* **Data excerpts**:
+++

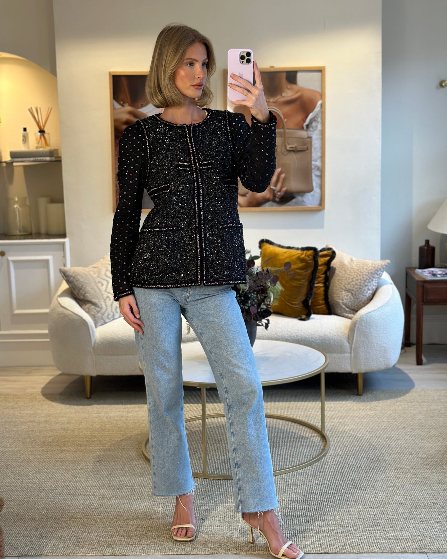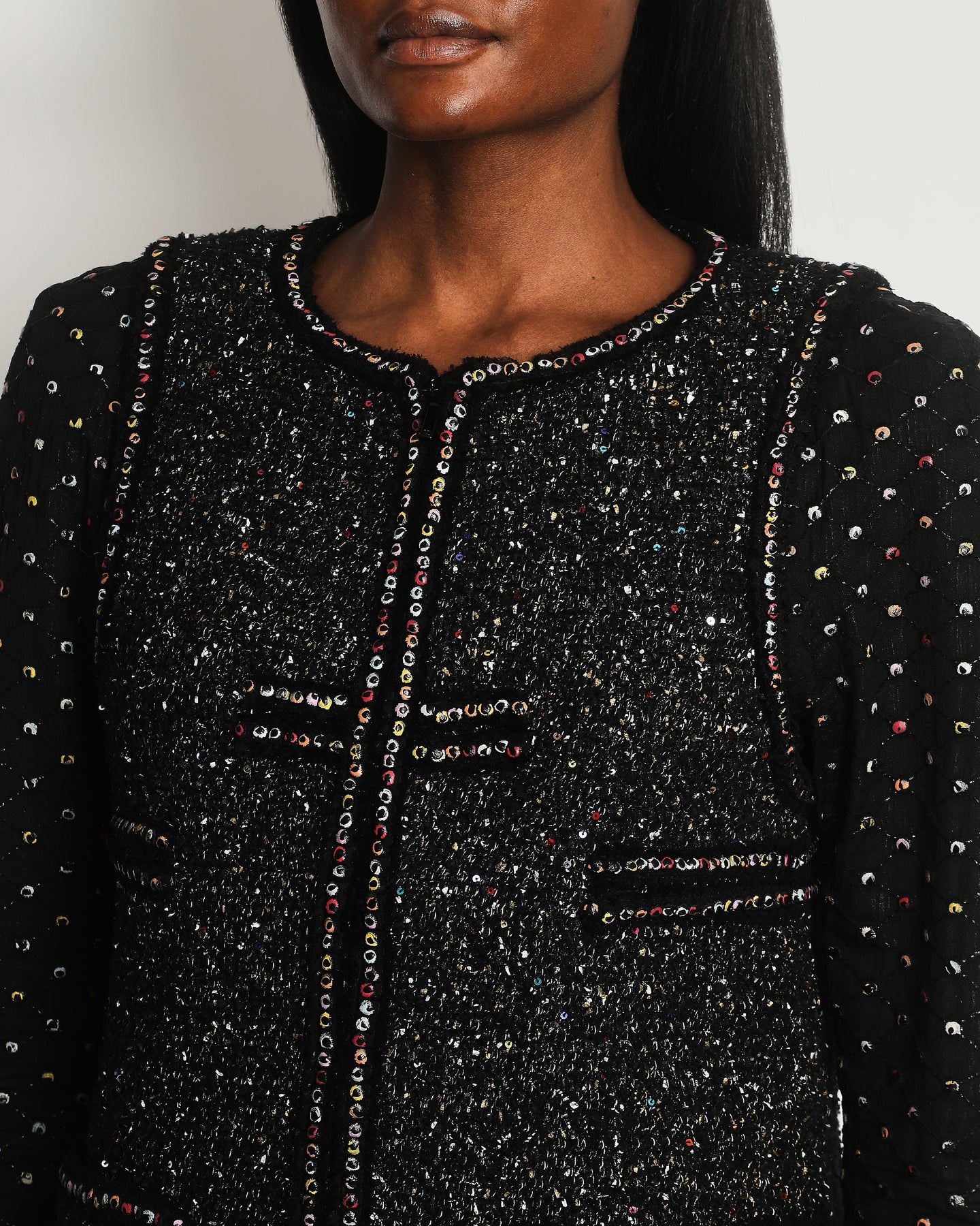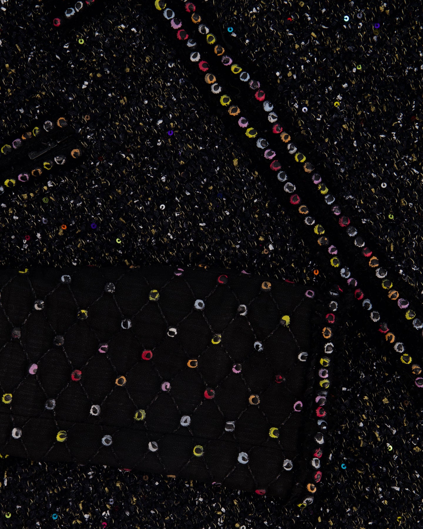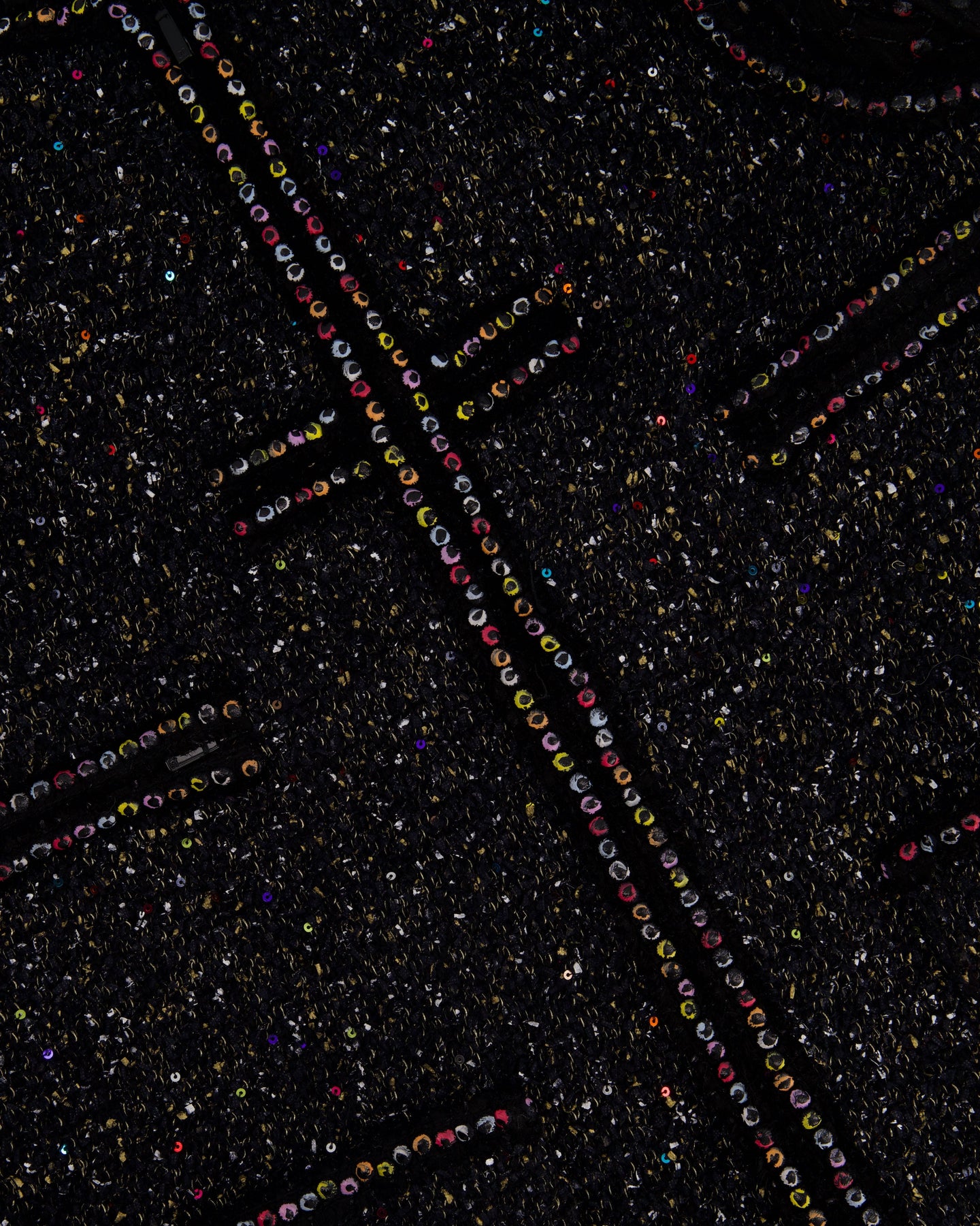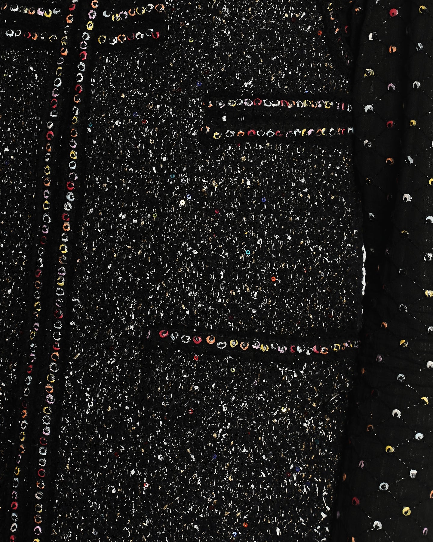 Chanel Fall 2017 Black Tweed Jacket with Multicoloured Sequin Details Size FR 42 (UK 14)
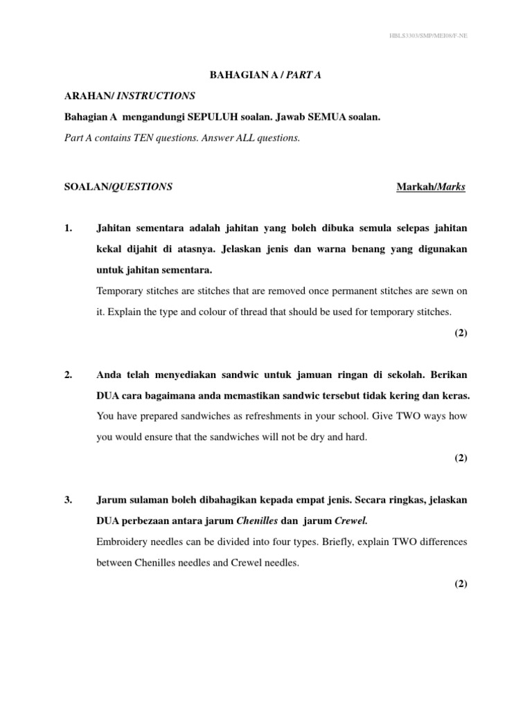 Contoh Soalan Seksyen A Klik Gambar Untuk Contoh Soalan Penuh Exam Education Tips. Latihan ulangkaji Sains Rumah Tangga Tingkatan 4. Digunakan untuk mengukur di atas kain dan kertas.
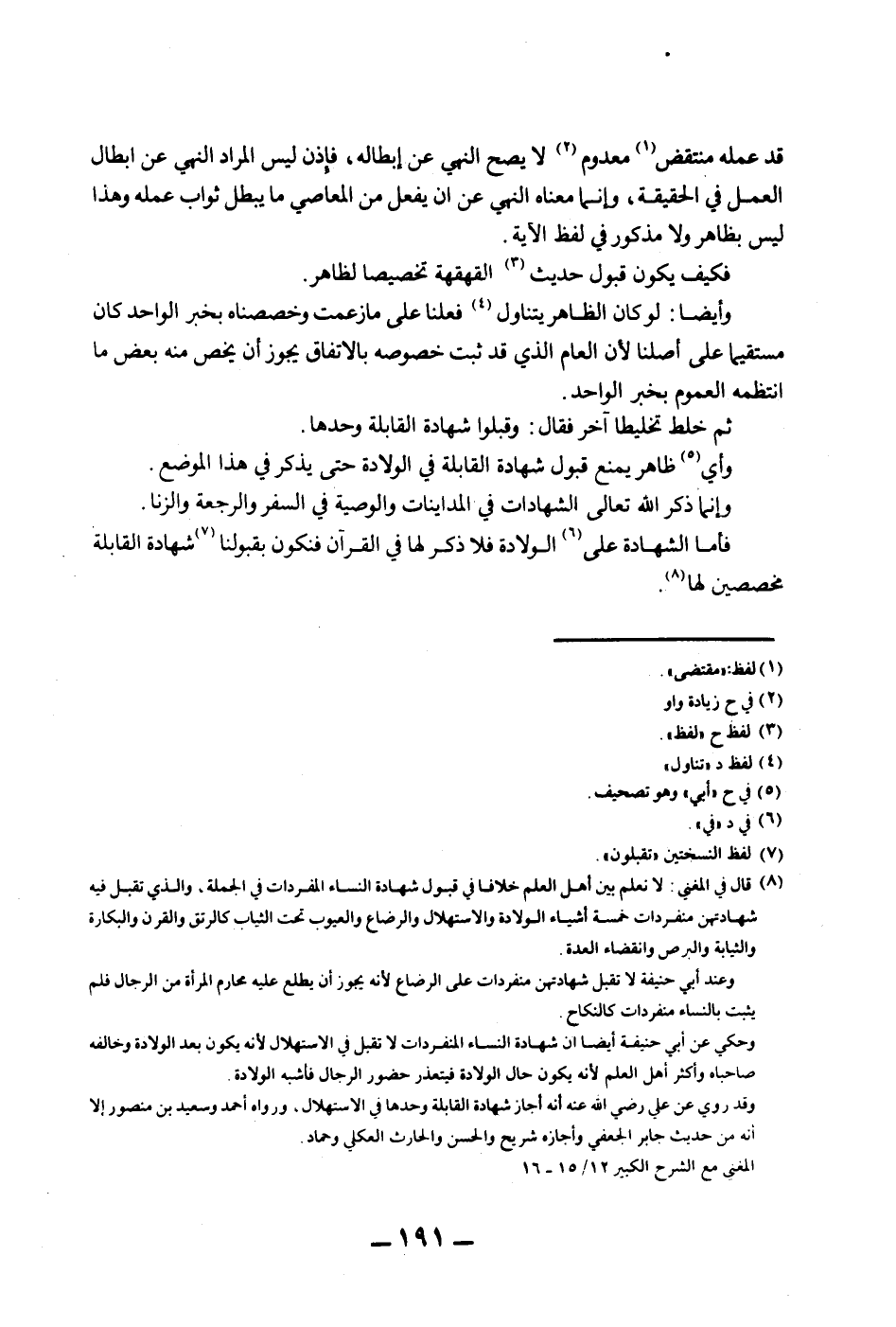 قَدْ عَمِلَهُ مُنْتَقِضٌ مَعْدُومٌ لَا يَصِحُّ النَّهْيُ عَنْ إبْطَالِهِ، فَإِذَنْ لَيْسَ الْمُرَادُ النَّهْيَ عَنْ إبْطَالِ الْعَمَلِ فِي الْحَقِيقَةِ، وَإِنَّمَا مَعْنَاهُ النَّهْيُ عَنْ أَنْ يَفْعَلَ مِنْ الْمَعَاصِي مَا يُبْطِلُ ثَوَابَ عَمَلِهِ وَهَذَا لَيْسَ بِظَاهِرٍ وَلَا مَذْكُورٍ فِي لَفْظِ الْآيَةِ. فَكَيْفَ يَكُونُ قَبُولُ حَدِيثِ الْقَهْقَهَةِ تَخْصِيصًا لِظَاهِرٍ. وَأَيْضًا: لَوْ كَانَ الظَّاهِرُ يَتَنَاوَلُ فِعْلَنَا عَلَى مَا زَعَمْت وَخَصَّصْنَاهُ بِخَبَرِ الْوَاحِدِ كَانَ مُسْتَقِيمًا عَلَى أَصْلِنَا لِأَنَّ الْعَامَّ الَّذِي قَدْ ثَبَتَ خُصُوصُهُ بِالِاتِّفَاقِ يَجُوزُ أَنْ يُخَصَّ مِنْهُ بَعْضُ مَا انْتَظَمَهُ الْعُمُومُ بِخَبَرِ الْوَاحِدِ. ثُمَّ خَلَّطَ تَخْلِيطًا آخَرَ فَقَالَ: وَقَبِلُوا شَهَادَةَ الْقَابِلَةِ وَحْدَهَا. وَأَيُّ ظَاهِرٍ يَمْنَعُ قَبُولَ شَهَادَةِ الْقَابِلَةِ فِي الْوِلَادَةِ حَتَّى يُذْكَرَ فِي هَذَا الْمَوْضِعِ. وَإِنَّمَا ذَكَرَ اللَّهُ تَعَالَى الشَّهَادَاتِ فِي الْمُدَايَنَاتِ وَالْوَصِيَّةِ فِي السَّفَرِ وَالرَّجْعَةِ وَالزِّنَا. فَأَمَّا الشَّهَادَةُ عَلَى الْوِلَادَةِ فَلَا ذِكْرَ لَهَا فِي الْقُرْآنِ فَنَكُونَ بِقَبُولِنَا شَهَادَةَ الْقَابِلَةِ مُخَصِّصِينَ لَهَا. .
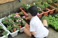 学校を花いっぱいにするために、梅雨の晴れ間に花の苗をプランターに植えをしました。
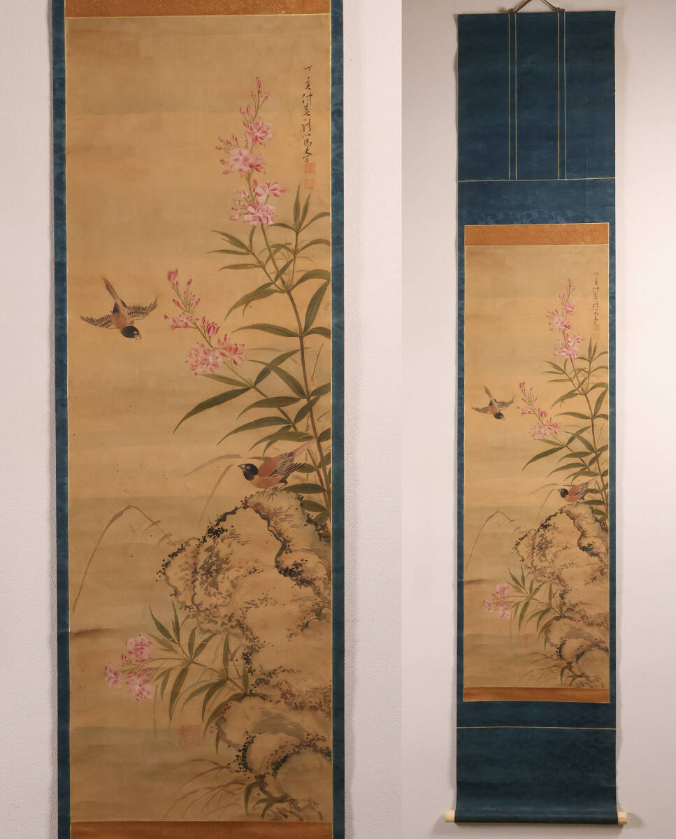- 【模写】作者不明 花鳥図 絹本 掛け軸 彩色 日本画 古い MA832

+++

Your task is to repeat the data above exactly while excluding the pictures.

 Chanel Fall 2017 Black Tweed Jacket with Multicoloured Sequin Details Size FR 42 (UK 14)
 Contoh Soalan Seksyen A Klik Gambar Untuk Contoh Soalan Penuh Exam Education Tips. Latihan ulangkaji Sains Rumah Tangga Tingkatan 4. Digunakan untuk mengukur di atas kain dan kertas.
 قَدْ عَمِلَهُ مُنْتَقِضٌ مَعْدُومٌ لَا يَصِحُّ النَّهْيُ عَنْ إبْطَالِهِ، فَإِذَنْ لَيْسَ الْمُرَادُ النَّهْيَ عَنْ إبْطَالِ الْعَمَلِ فِي الْحَقِيقَةِ، وَإِنَّمَا مَعْنَاهُ النَّهْيُ عَنْ أَنْ يَفْعَلَ مِنْ الْمَعَاصِي مَا يُبْطِلُ ثَوَابَ عَمَلِهِ وَهَذَا لَيْسَ بِظَاهِرٍ وَلَا مَذْكُورٍ فِي لَفْظِ الْآيَةِ. فَكَيْفَ يَكُونُ قَبُولُ حَدِيثِ الْقَهْقَهَةِ تَخْصِيصًا لِظَاهِرٍ. وَأَيْضًا: لَوْ كَانَ الظَّاهِرُ يَتَنَاوَلُ فِعْلَنَا عَلَى مَا زَعَمْت وَخَصَّصْنَاهُ بِخَبَرِ الْوَاحِدِ كَانَ مُسْتَقِيمًا عَلَى أَصْلِنَا لِأَنَّ الْعَامَّ الَّذِي قَدْ ثَبَتَ خُصُوصُهُ بِالِاتِّفَاقِ يَجُوزُ أَنْ يُخَصَّ مِنْهُ بَعْضُ مَا انْتَظَمَهُ الْعُمُومُ بِخَبَرِ الْوَاحِدِ. ثُمَّ خَلَّطَ تَخْلِيطًا آخَرَ فَقَالَ: وَقَبِلُوا شَهَادَةَ الْقَابِلَةِ وَحْدَهَا. وَأَيُّ ظَاهِرٍ يَمْنَعُ قَبُولَ شَهَادَةِ الْقَابِلَةِ فِي الْوِلَادَةِ حَتَّى يُذْكَرَ فِي هَذَا الْمَوْضِعِ. وَإِنَّمَا ذَكَرَ اللَّهُ تَعَالَى الشَّهَادَاتِ فِي الْمُدَايَنَاتِ وَالْوَصِيَّةِ فِي السَّفَرِ وَالرَّجْعَةِ وَالزِّنَا. فَأَمَّا الشَّهَادَةُ عَلَى الْوِلَادَةِ فَلَا ذِكْرَ لَهَا فِي الْقُرْآنِ فَنَكُونَ بِقَبُولِنَا شَهَادَةَ الْقَابِلَةِ مُخَصِّصِينَ لَهَا. .
 学校を花いっぱいにするために、梅雨の晴れ間に花の苗をプランターに植えをしました。
- 【模写】作者不明 花鳥図 絹本 掛け軸 彩色 日本画 古い MA832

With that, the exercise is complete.